Le sage Gerson s’efforce de marquer avec précision les excès dans lesquels donne chacune des deux écoles, de dire comment il les faut éviter, de reconnaître, également, ce qu’il y a de légitime dans les ambitions des Réalistes comme dans les précautions des Nominalistes ; mais à ceux-ci vont ses faveurs, à ceux-là ses rigueurs.
La confiance exagérée des métaphysiciens trouve souvent en lui un censeur sévère[1].
« Lorsqu’elle est véridique, la subtilité de ceux qui métaphysiquent consiste en une pénétrale analyse de l’être ; considéré selon son mode subjectif d’existence (esse objectale), pris d’une manière personnelle ou formelle. La grossière méthode des Terministes, s’ils voulaient être conséquents avec eux-mêmes, porterait seulement sur les concepts signifiés ou sur les manières de les signifier, en les prenant d’une façon toute matérielle ; de là vient et résulte que les métaphysiciens les dédaignent avec raison.
» Mais si, dans les choses mêmes, prises dans leur existence réelle, la subtilité des métaphysiciens prétend trouver un être tout semblable à celui qu’elles ont dans leur existence subjective, elle n’est plus subtilité, mais stupidité et démence. Qu’est-ce que la démence, en effet ? Ne consiste-t-elle pas à juger que les choses sont au dehors ce qu’elles sont dans l’imagination ? C’est ce qui se produit chez les fous, les hallucinés et les rêveurs.
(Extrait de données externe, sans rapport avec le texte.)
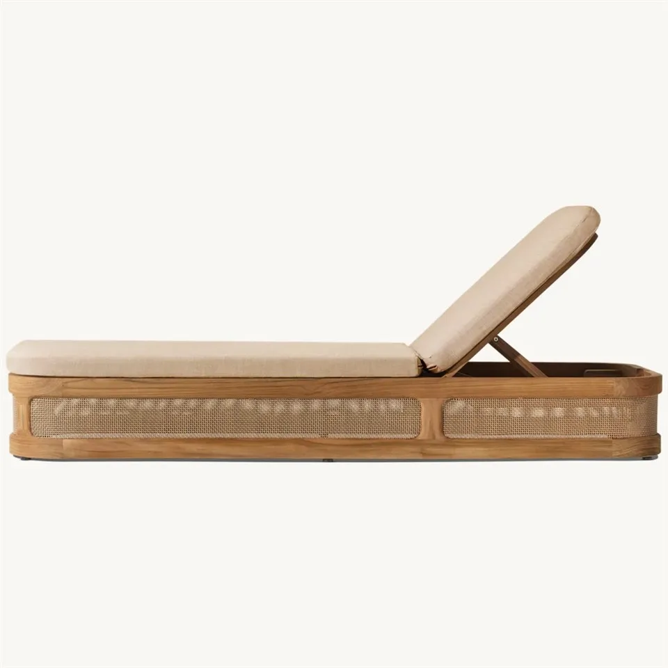 Denne moderne sjeselongen i flettet kombinerer moderne minimalistisk design med klassikere, og er en kollisjon mellom innovasjon og tradisjon. Designet på denne loungestolen er både klassisk og moderne, og teakstrukturen legger grunnlaget for en følelse av mote. Sammen med det håndvevde kurvnettet er det utsøkt, ensartet i tetthet, flatt i tykkelse, sterkere og mer elastisk, tar hensyn til både skjønnhet og praktisk, ikke bare visuelt presentere et rikt lag av vekslende virtuelt og ekte, men også økende pusteevne. Selv i et fuktig miljø kan kurven tørkes raskt i tide for å sikre brukervennligheten.
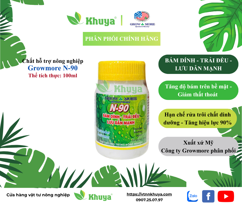 Grow More N-90 hỗ trợ bám dính cao, thấm sâu nhanh, lưu dẫn mạnh, loang trải đều, phân bố đều các nguyên tố dinh dưỡng và hoạt chất th cần thiết cho cây, làm tăng hiệu quả sử dụng th lên đến 90%.
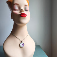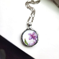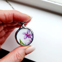 Wild Violet Pendant, Repurposed Broken China Plate turned Pendant Necklace

Ils rêvent tout éveillés, ceux qui prennent les images des choses pour les choses mêmes. »
La terminologie, compliquée sans nécessité, qu’introduisaient les métaphysiciens et, particulièrement, les Scotistes, déplaît fort au chancelier :
« La foi la plus saine, dit-il[2], et toute la Métaphysique nous ont appris que Dieu est très simple, qu’en lui, la simplicité atteint au plus haut degré que nous soyons capables d’imaginer. Cela étant donné, à quoi bon prendre cette essence absolument une et, au moyen de formes métaphysiques, de quiddités, de raisons idéales, de mille façons d’imaginer, y pratiquer des distinctions, des divisions, des compositions, des séparations
- ↑ Johannis Gerson De concordia Metaphysicæ cum Logica propositiones quinquaginta. Vigilia Nativitatis, Anno MCCCCXVI. (Johannis Gerson Opera, éd. cit., pars IV, XX, K.)
- ↑ Johannis Gerson Lectiones duæ quarum initium est : Pænitemini. Anno MCCCCII. Secunda lectio, quinta consideratio. (Johannis Gerson Opera, éd. cit., pars IV, XIII, C, D, E.)